Staatliche Kunstsammlungen Dresden In Museumsdepots ist Platz knapp – Großer Bedarf in Dresden

Nachdem viele Museen in Sachsen saniert worden sind, fehlt jetzt oft der Platz in ihren Depots. Auch ist deren baulicher Zustand nicht immer optimal. Das gilt auch für die Staatlichen Kunstsammlungen Dresden.

Blick in das Gläserne Depot der Skulpturensammlung im Dresdner Albertinum.

Quelle: dpa

Dresden. In den Depots der sächsischen Museen wird der Platz knapp.
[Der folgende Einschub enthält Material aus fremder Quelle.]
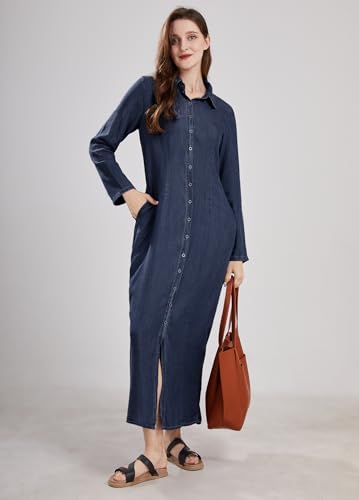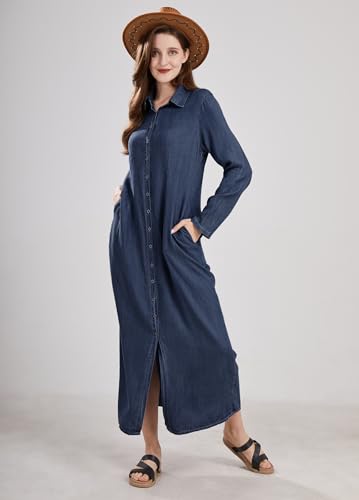 utcoco Womens Casual Button Down Denim Maxi Dress Lapel Long Sleeve Long Jean Dresses with Pockets 1
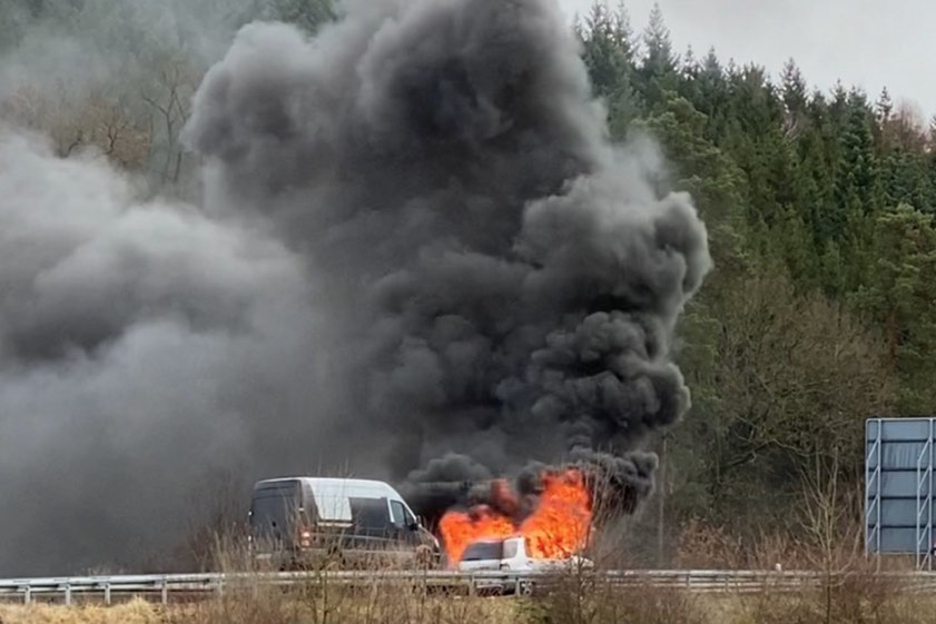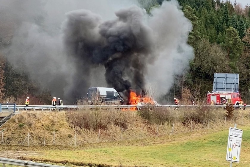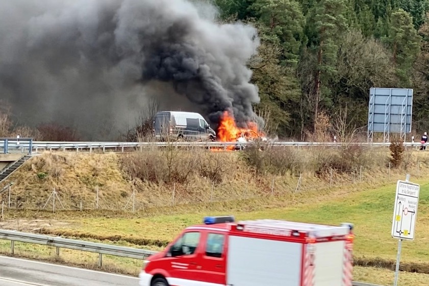 Ein Pkw, der einen Anhänger mit einem Lieferwagen im Schlepptau hatte, geriet auf der B301 bei Au/Hallertau in Flammen.

Deshalb hoffen die Museumsleute selbst renommierter Häuser auf Neubauten oder Erweiterungen, wie eine Umfrage der Deutschen Presse-Agentur ergab. So unterstützt etwa das Kunstministerium in Dresden nach eigenem Bekunden den Wunsch der Staatlichen Kunstsammlungen nach einem Zentraldepot. Es gebe dringenden Handlungsbedarf etwa für die Gemäldegalerien Alte und Neue Meister, die Rüstkammer, das Kunstgewerbe- und das Volkskunstmuseum, die Porzellan- und die Skulpturensammlung sowie den Kunstfonds, heißt es. Die Depots seien baulich zum Teil noch auf Nachkriegsniveau. Diese genügten aktuellen konservatorischen und logistischen Ansprüchen nicht, zudem herrsche Platznot.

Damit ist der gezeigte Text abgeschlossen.